Now things have changed here. Now we're not wearing burkas and we're allowed to go to market and there is no stress or pressure on us to wear the burka.
Saima Anwer, trainee lawyer
During the conflict I was in the first year of an LLB (bachelor of law degree). Those were difficult days for me. Our exams were going to be held but our administrators told us that our exams may be cancelled because of the conflict.
But when our second year class started we were notified that females could not attend classes, only males could attend. I was very depressed.
It was very difficult when I first joined this field especially when I went to the bar because there is no female lawyer or female colleague in this field. It was difficult to face a lot of males and to sit with them and discuss legal issues. I have no separate room. I don't even have a separate bathroom, I use the men's bathroom. But with the passage of time I felt that my colleagues began to accept support and appreciate me and my work.
Some people don't want to see me in the bar room and they want to discourage me, but most encourage me and I don't feel any hesitation or difficulty in discussing legal issues. I don't feel like I'm the only female now, because they encourage me and they never let me feel like I am alone.

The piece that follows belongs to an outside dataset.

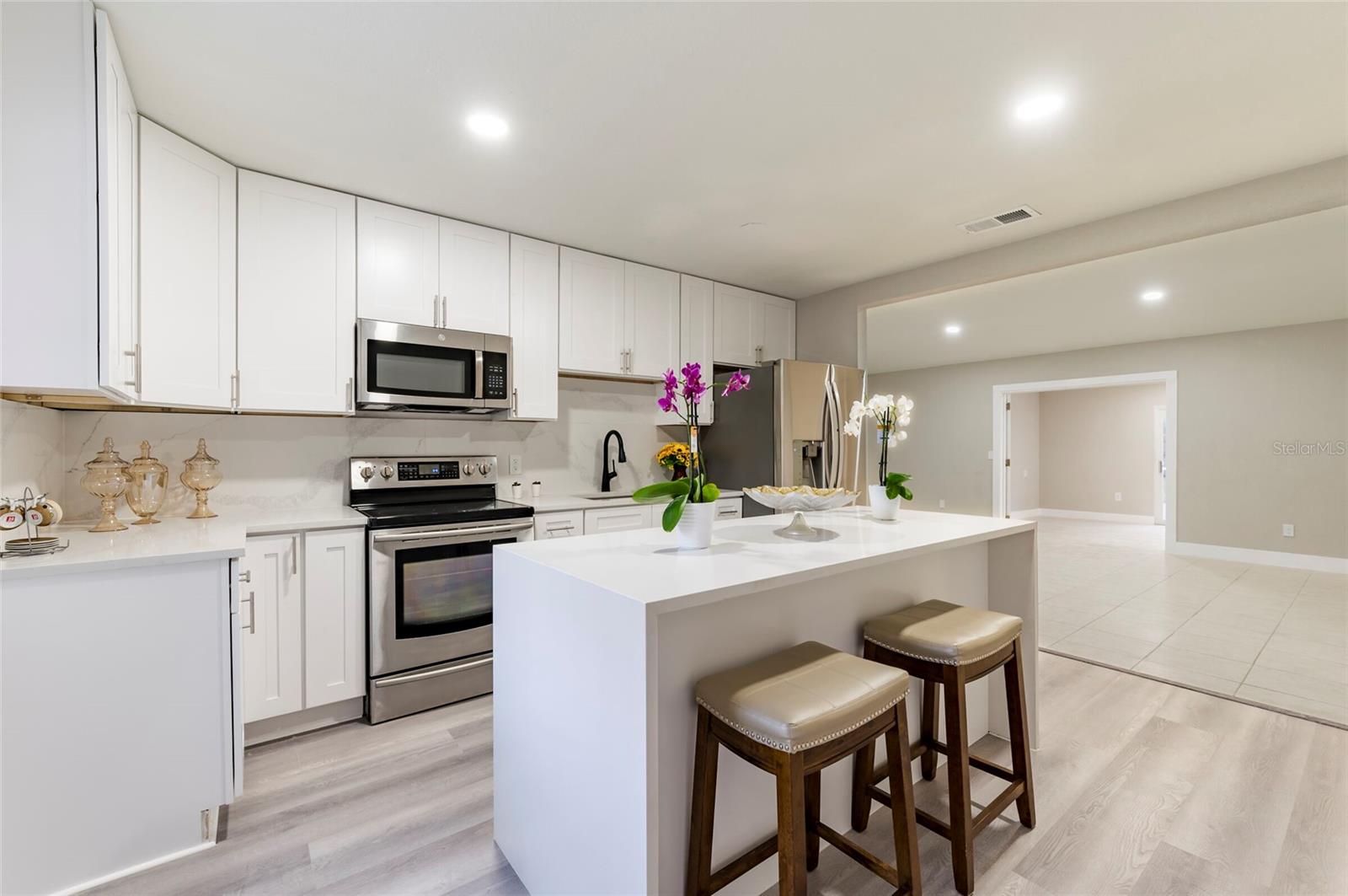 ** Price reduction** Completely renovated 4-bedroom 2 bathroom on a .34 Arce lot is move in ready! Roof installed January 2024,permitted and inspected by county. Brand new kitchen featuring all new stainless-steel appliances, (refrigerator, microwave, farmhouse sink and stove) new cabinets and oversized island with beautiful quartz countertop throughout kitchen. Both bathrooms have been beautifully remodeled with quartz countertops as well. The Master bathroom has an oversized shower with a double sink. This home features a living room, family room and a Florida room with bar, perfect for entertaining and getting together. As an added feature the Florida room leads out to a large screened in lanai allowing you to bring the entertainment outside! With a separate entrance there is a two-story garage that is permitted to be converted into a mother in-law suite! Great income producing option! Also included with this property is an outside grill, workshop and storage shed. No HOA or CDD, so bring your RV and boats. You’ll have everything you need to make this your forever home! Schedule a showing today!

Swat was the centre of tourism. My wish is that people and foreigners will come to Swat and see its beauty. Now there is peace here, there is no militancy, there is no conflict, there is no terror in Swat. There is a lot of natural beauty here.
One of my objectives for taking up law after the conflict is that I wanted to convey to the world that the people of Swat are not fundamentalists, they are not terrorists - in fact they are modern Pathans.